In the origin story of Charybdis, the young goddess had helped her father in these efforts. She had the power to raise water levels, which she used to aid Poseidon in his efforts to hurt Zeus.
Zeus was angry that his niece had crossed him, so he punished her harshly. He turned Charybdis into a monster that swallowed and expelled huge amounts of water three times a day.
An alternate story retains Charybdis as the daughter of Poseidon and Gaia and has her punished by Zeus. The reason, however, is different.
In this story, Charybdis was a greedy woman. She stole cattle that belonged to Heracles, so the king of the gods punished her for offending his favorite son.
Zeus sent a thunderbolt to strike her and sent her flying into the sea.
These stories were later additions to the mythology and were never widely believed among the Greeks. They illustrate, however, the way in which characters in the myths continued to change and evolve over time.
Charybdis also evolved in her relationship with her neighbor, Scylla. Homer and other writers made no mention of how the two monsters came to live in such close proximity to one another, but a Greek writer from the 2nd century AD sought to provide an explanation:
Skylla (Scylla), daughter of Krataiis (Crataeis) (of the Rocks) or Trienos (Three-Times) and Phorkos (Phorcus).
-Pseudo-Apollodorus, Bibliotheca E7. 20 (trans. Aldrich)
This single line from Pseudo-Apollodorus is the only one in which Charybdis is described as related to Scylla. Using her epithet Trienos, the late Greek writer claimed that the whirlpool had, with the legendary sea god Phorcus, given birth to the monster that she shared her narrow strait with.
Charybdis is not best remembered as the child of Poseidon or mother of Scylla, though. The whirlpool is famous for the role it played in many of Greece’s most famous legends.
The twin dangers of Scylla and Charybdis were faced by some of Greece’s most famous heroes. Each dealt with the danger in a different way.
- Odysseus sailed through the strait after leaving the island of Circe. Heading her advice, he took his ship past Scylla so that he would only lose six crew members instead of risking the entire vessel.
- He faced Charybdis again, however, while alone on a raft. He survived the whirlpool by clinging to the branches of a fig tree that grew over the site where Charybdis wrecked his small raft.

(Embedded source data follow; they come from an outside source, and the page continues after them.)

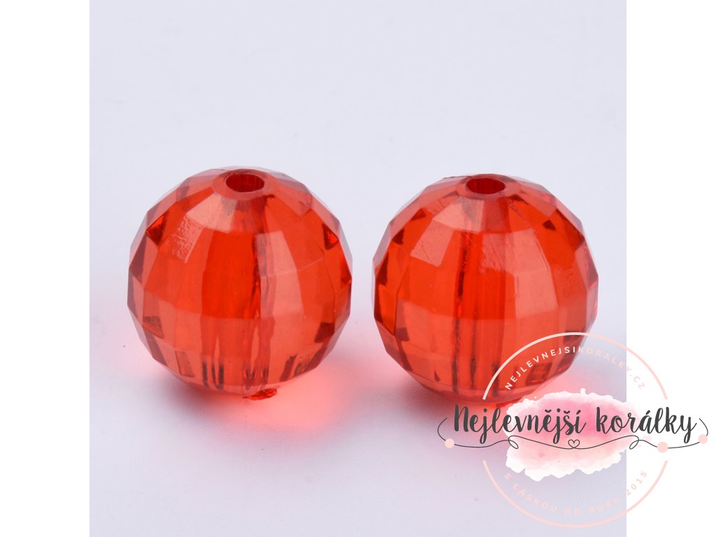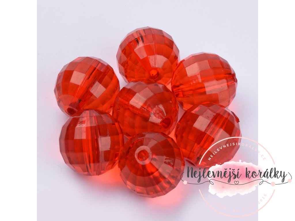 Akrylové broušené korálky v červeném provedení o velikosti 8 mm s velikostí průvleku 1,5 mm.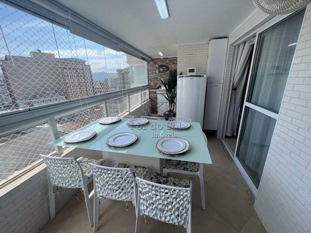 O apartamento é semi-mobiliado e conta com acabamento em porcelanato, cozinha americana planejada, churrasqueira na sacada envidraçada e closet, proporcionando um ambiente moderno e funcional. Localizado em andar alto de um prédio frente ao mar, o imóvel oferece vista privilegiada e excelente ventilação natural.
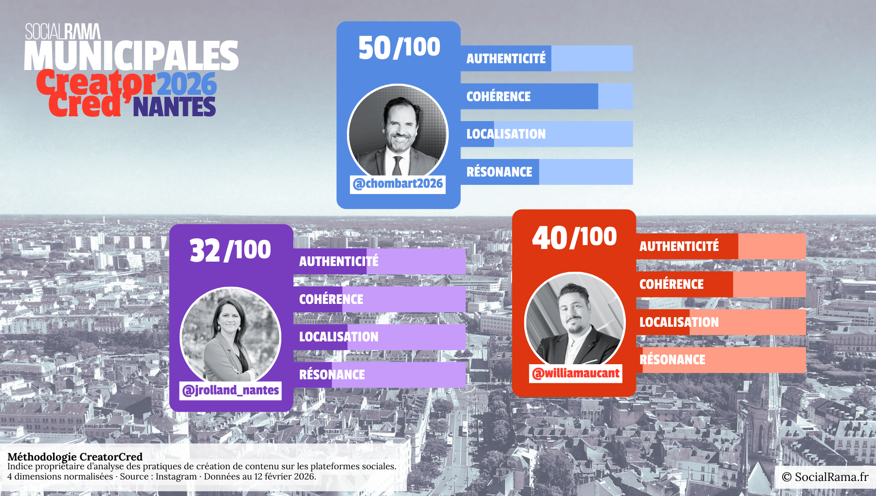 Les candidats nantais ont compris les codes de l'influence, mais peinent à les appliquer au quotidien : les vieux réflexes et les tics médias sont trop présents pour gagner en authenticité. Par ailleurs, la faiblesse des collabs locales tire la note de tous les candidats vers le bas. L’ancrage local des vidéos est pourtant au cœur de l’approche Mamdani et renforce le géociblage des audiences, facteur clé d’une élection locale.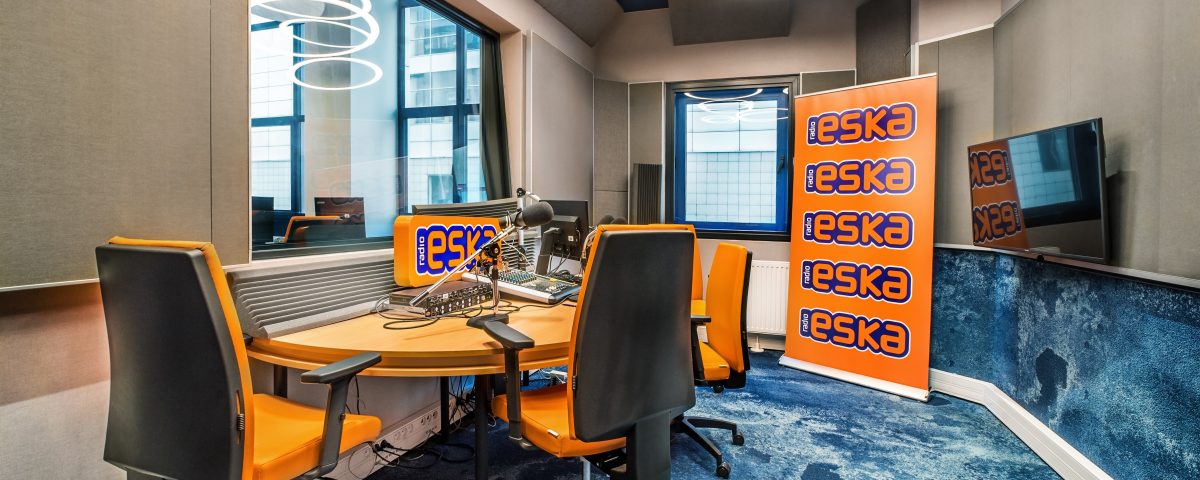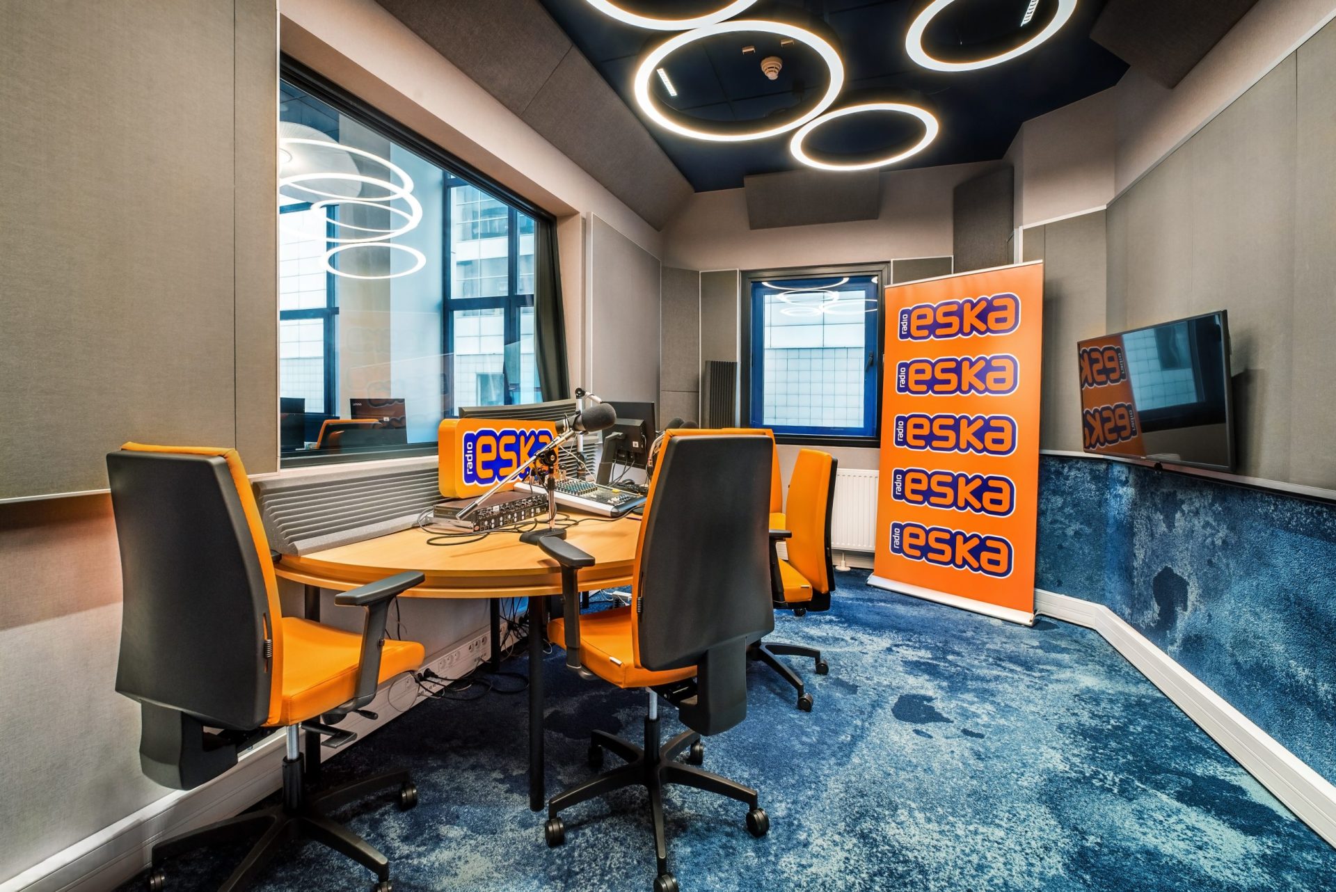 Studio radiowe to serce Radia ESKA, dlatego kluczowym aspektem było stworzenie ergonomicznej i funkcjonalnej przestrzeni. Stół w studiu został zaprojektowany i wykonany na miarę, uwzględniając potrzeby realizatorów i prowadzących audycje, przygotowany pod zaplanowane rozmieszczenie mikrofonów, sprzętu technicznego. Wnętrze jest zarówno estetyczne, jak i praktyczne. Jasne, drewniane wykończenia stołu w połączeniu z wytrzymałymi materiałami posłuży jeszcze przez wiele lat.

- Jason and the Argonauts sailed through the same channel while on their quest for the Golden Fleece. He was aided by Hera and Thetis, who safely guided his ship down the center of the strait and just out of reach of both Scylla and Charybdis.
- In Roman legends, Aeneus also encountered the whirlpool. He sailed around the southern edge of Sicily to avoid passing through the channel, but later was nearly sucked in by Charybdis when sailing near Etna.
The first of these stories, the Odyssey, was written in the 8th century BC. Homer’s epic work was the basis for much of later mythology, and his depictions of Scylla and Charybdis undoubtedly influenced the later writers of the Argonautica and Aeneid.
Charybdis may have also appeared in the works of another famous Greek writer. Apart from the epic tails of sea voyages the whirlpool was popular in, it may have also been featured in Aesop’s famous fables.
These stories were short and often humorous, almost always having a moral lesson to impart. Many of Aesop’s fables are still popular around the world today.
Some, however, are less well remembered and less documented. One of these was the story that featured Charybdis.
Aesop’s stories have a murkier history than those of great epic poets like Homer and Virgil. They were not collected and written in a definitive text.
In fact, there is some doubt as to whether Aesop existed at all. The piecemeal way in which the fables were collected and passed on may indicate that the writer himself was a fictional character.
Instead of being a writer, Aesop may have just been a character to whom popular tales were credited.
Whether as the original author or as a fictitious one, however, Aesop was occasionally inserted into his own stories. Aristotle mentioned one such fable in a work of astronomy.
In the story of Aesop and the Ferryman, the fabulist is teased by a ferry driver and uses the legend of Charybdis to get back at the boatman.
Aesop claimed that Charybdis did not constantly suck in and expel water, but that she would swallow the sea three times in total.
The first time she had done so, the water level lowered enough to bring the mountains into view. The second time, islands appeared that had once been covered.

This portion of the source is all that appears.